Nvidia’s Cosmos 3 Super ranks in top tier of Text-to-Image Arena despite dominating other benchmarks
The 64-billion parameter model claims the top spot on Artificial Analysis but lands at #8 and #11 on arena.ai, highlighting just how messy AI benchmarking has become
Nvidia’s newest AI model is simultaneously the best and merely pretty good, depending on who’s grading the test.
Cosmos 3 Super, the flagship variant of Nvidia’s open omnimodal world foundation model launched on May 31 at GTC Taipei/Computex, grabbed the #1 open-weights position for text-to-image tasks on Artificial Analysis with an Elo score around 1229. On arena.ai’s Text-to-Image Arena, though, the same model landed at #8 and #11, with Elo scores hovering between 1052 and 1062.
What Cosmos 3 actually is
Nvidia built Cosmos 3 as an “omnimodal world foundation model” designed to understand and generate across multiple types of data at once, including images, video, audio, and physical actions, all processed through one unified system.
The architecture powering this is called Mixture-of-Transformers, and the Super variant packs 64 billion parameters. Its smaller sibling, Cosmos 3 Nano, runs 16 billion parameters. Both became available on Hugging Face shortly after the announcement.
Nvidia fed the model roughly 20 trillion tokens spanning images, audio, and action data, designed to make the model useful not just for generating images but for robotics, autonomous driving, and simulation environments.
Cosmos 3 Super leads multiple categories in physical AI benchmarks, including PAI-Bench, RoboArena, and VANTAGE-Bench. It’s also performing well in image-to-video tasks.
The benchmarking problem nobody has solved
Artificial Analysis and arena.ai use different evaluation methodologies, different comparison pools, and different scoring systems. Arena-style evaluations often rely on human preference voting, which introduces subjectivity. Automated benchmarks measure specific technical capabilities but can miss qualitative factors that users care about.

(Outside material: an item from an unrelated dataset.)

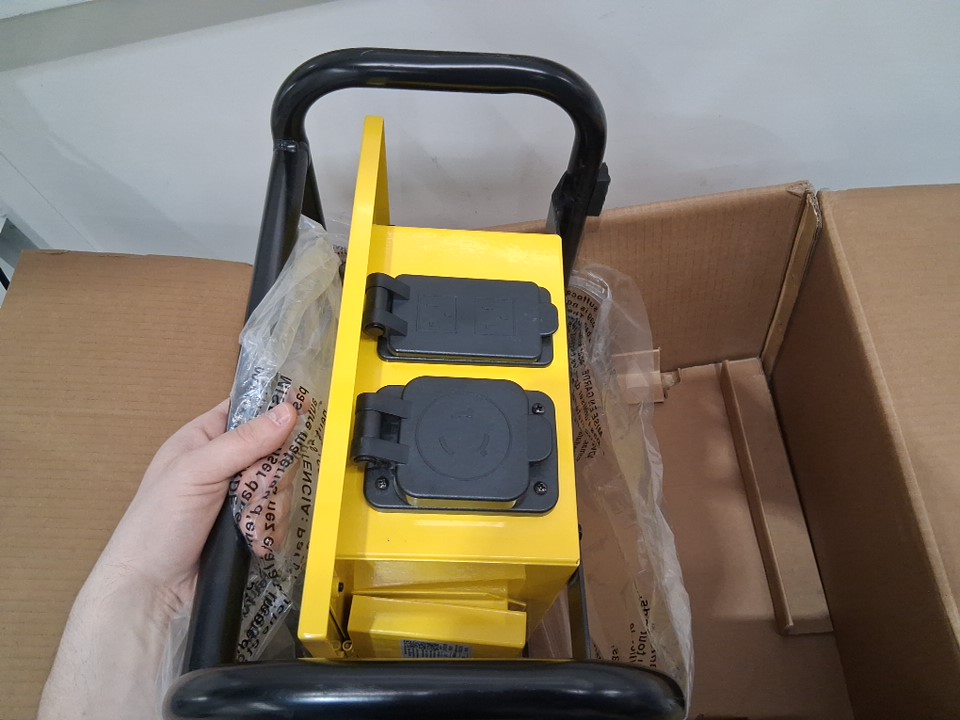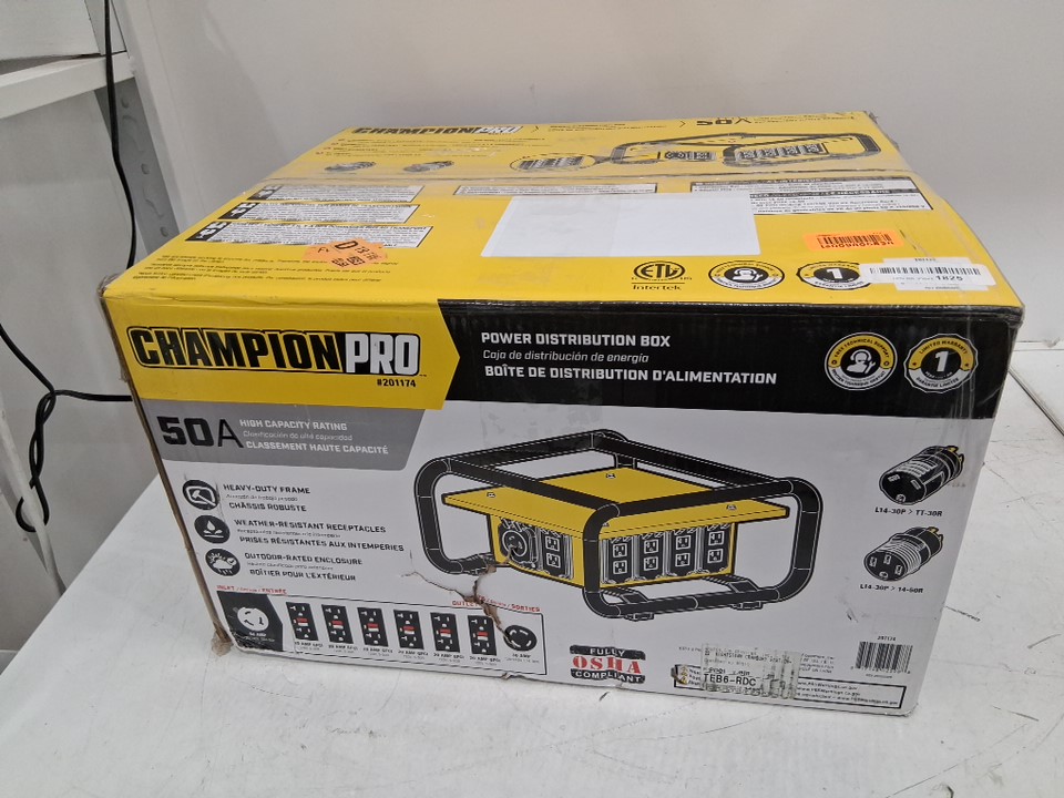 Champion Power Equipment Pro Grade OSHA Compliant Power Distribution Box, 50A Twist Lock Inlet, 6x 120V GFCI Duplexes, 1x 120/240V 30A Locking Outlet, 30A & 50A RV Adapters - yellow/black (model: 201174)
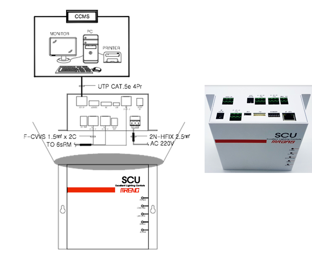 SCU는 PC와 조명제어반 간의 데이타 통신을 하는 장치이다. 각 조명제어반들, 스위치, 센서, DALI Master 등의 DATA BASE를 설정하고, 각 프로그램을 작성하여 전송하는 작업등을 이 SCU를 거쳐 실행한다.

Why crypto and AI investors should pay attention
Nvidia’s decision to release Cosmos 3 as open weights is strategically significant. The rapid community engagement on Hugging Face following the launch suggests developers are already building on top of Cosmos 3.
Cosmos 3’s capabilities in robotics and autonomous systems are particularly relevant to decentralized compute networks, AI agent frameworks, and on-chain inference protocols. Every time a frontier model goes open-weight, it reduces the moat around proprietary AI services and strengthens the case for decentralized alternatives.